The plenary session ended with a panel of three distinguished intramural investigators—William Paul, Judy Rapoport, and Stephen Katz—who discussed their experiences at NIH and why they choose to do their research here.
William Paul (NIAID), who first came to NIH as a medical student in 1959, pointed out that there is a sense of noncompetitiveness in the intramural community that doesn’t exist in other research institutions. “I can count on my colleagues to want my work to succeed and to do everything they can do to help it,” said Paul. “And I feel the same way [about their work].”
Judy Rapoport (NIMH) was one of the first investigators to start child psychiatry research at NIH. One of the strengths of working at NIH, according to Rapoport, is the ability to study rare disorders such as childhood schizophrenia. “It’s been the sense of an imaginative, flexible, and very empathic administration, together with other things easing the road for clinical research, that has made it very hard to consider moving anywhere else.”
Stephen Katz (NIAMS), who came to NIH in 1974 as a principal investigator in dermatology, said that part of what makes NIH such a great place to work is the ability to join clinical practice with basic science. “We have time here,” said Katz. “We have time for patients, we have time for research, and we have time for collaborations.”
What follows is a snapshot of Festival sympsia.
SELECTED SYMPOSIA
Using Chemistry to Unravel Biology
Chemists make the world go round … in the way that their work helps scientists understand biology in action.
To understand the biology of addiction, Amy Newman (NIDA) uses chemistry to develop fluorescent tropane-based tools to visualize monoamine transporters in action in the central nervous system.

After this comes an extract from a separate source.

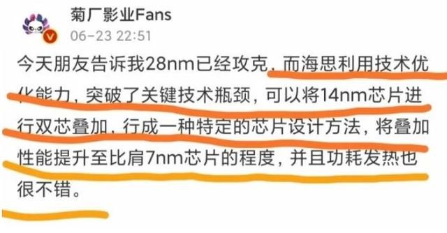 不過,在6月23日,知名科技博主菊廠影業Fans就帶來了一則好消息。海思研發出了一種全新設計方案,有望繞過EUV光刻機,實現等效7nm芯片生產。
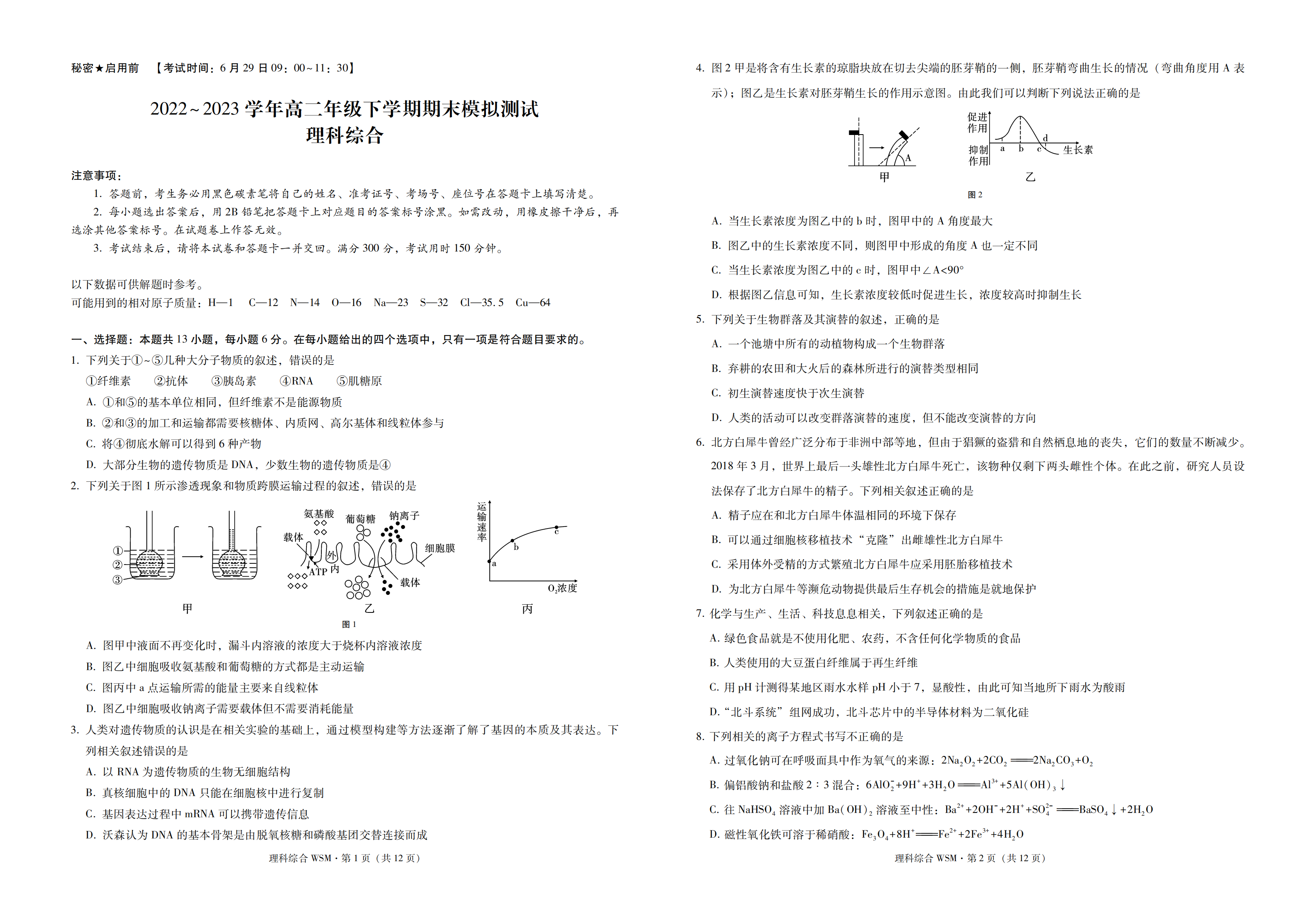 云南保山2023高二下学期期末考试已经结束,自主选拔在线团队同步整理云南保山2023高二下学期期末考试理综试题,供大家参考。

Cocaine, a highly addictive drug that binds to all three monoamine transporters, is a tropane-based molecule and provides the template for these tools. Newman confessed that 20 years ago, when she was doing her postdoctoral training in NIDDK, she published research on another fluorescent compound she had developed, but her paper was never cited.
“I’d like to think we were ahead of our time,” she told the chemistry fans who had gathered to hear her talk. But today, her papers are cited aplenty. Her work demonstrates that the combination of state-of-the-art synthetic organic chemistry techniques with molecular modeling and interpretation of pharmacological data has resulted in the discovery of important molecular probes for studying neurochemical targets. She hopes this multidisciplinary approach will provide new leads toward the development of pharmacotherapeutic agents that can be used to treat addiction.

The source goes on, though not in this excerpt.